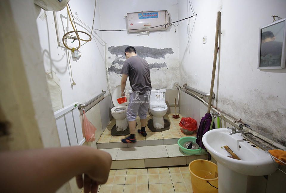 广振的生活已基本上融入老年公寓的日常生活中去了。图为广振在清扫卫生间。
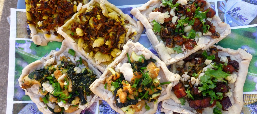 AIP. Pajer med tre olika sorters fyllning. En med sidfläsk och svamp, en med lax och spenat och en vegetarisk med morötter, svamp och lök.
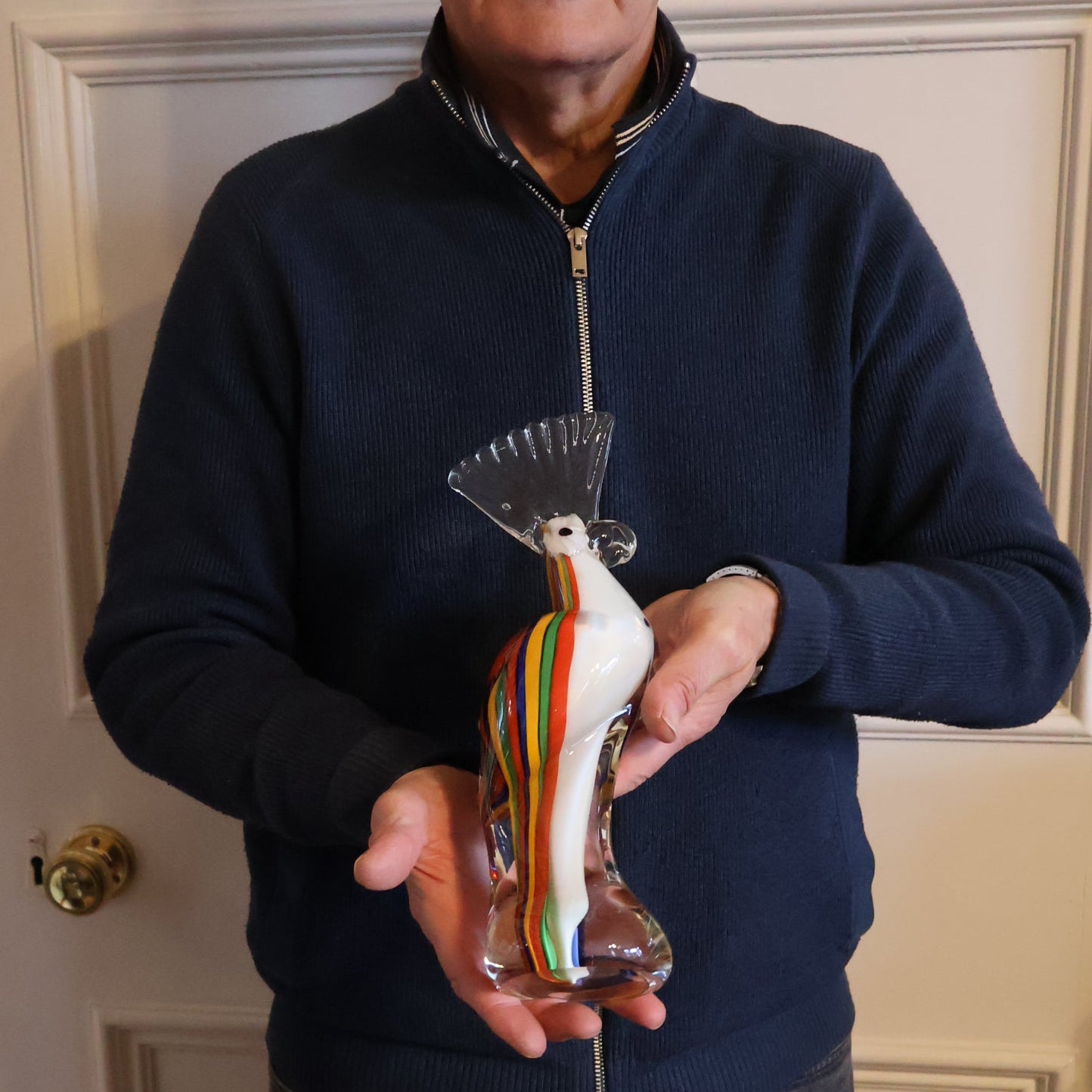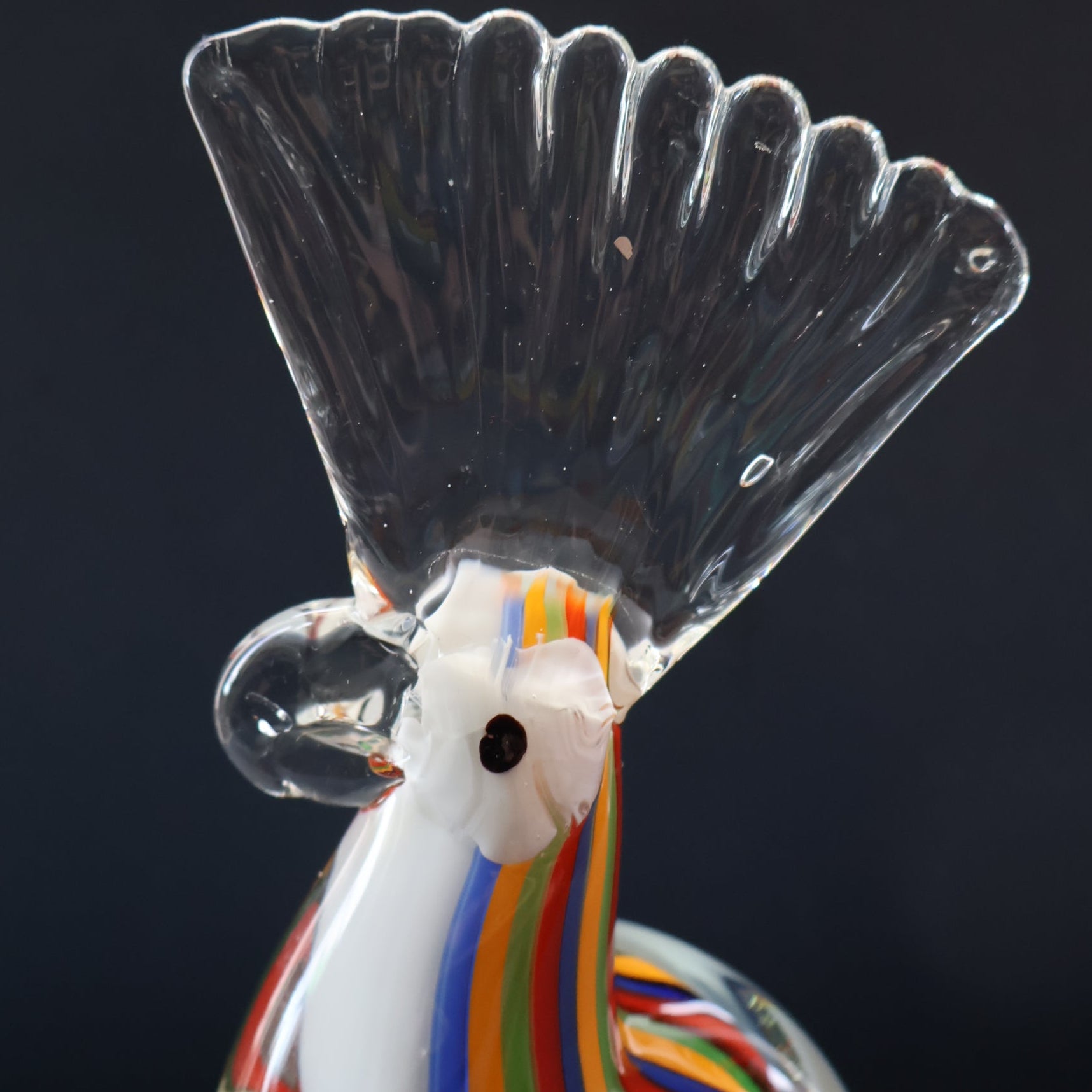 He has a little black glass eye and a clear glass crest of feathers on his head. His beak is also clear glass. Being hand blown, there are a couple of tiny air bubbles obvious in his crest (these occurred in the making and are consistent with the figurine being all handmade.

★ ★ ★ ★ ★ ★ ★

Exercise description:
Copy out the data exactly and keep the pictures out.

Result below:
 广振的生活已基本上融入老年公寓的日常生活中去了。图为广振在清扫卫生间。
 AIP. Pajer med tre olika sorters fyllning. En med sidfläsk och svamp, en med lax och spenat och en vegetarisk med morötter, svamp och lök.
 He has a little black glass eye and a clear glass crest of feathers on his head. His beak is also clear glass. Being hand blown, there are a couple of tiny air bubbles obvious in his crest (these occurred in the making and are consistent with the figurine being all handmade.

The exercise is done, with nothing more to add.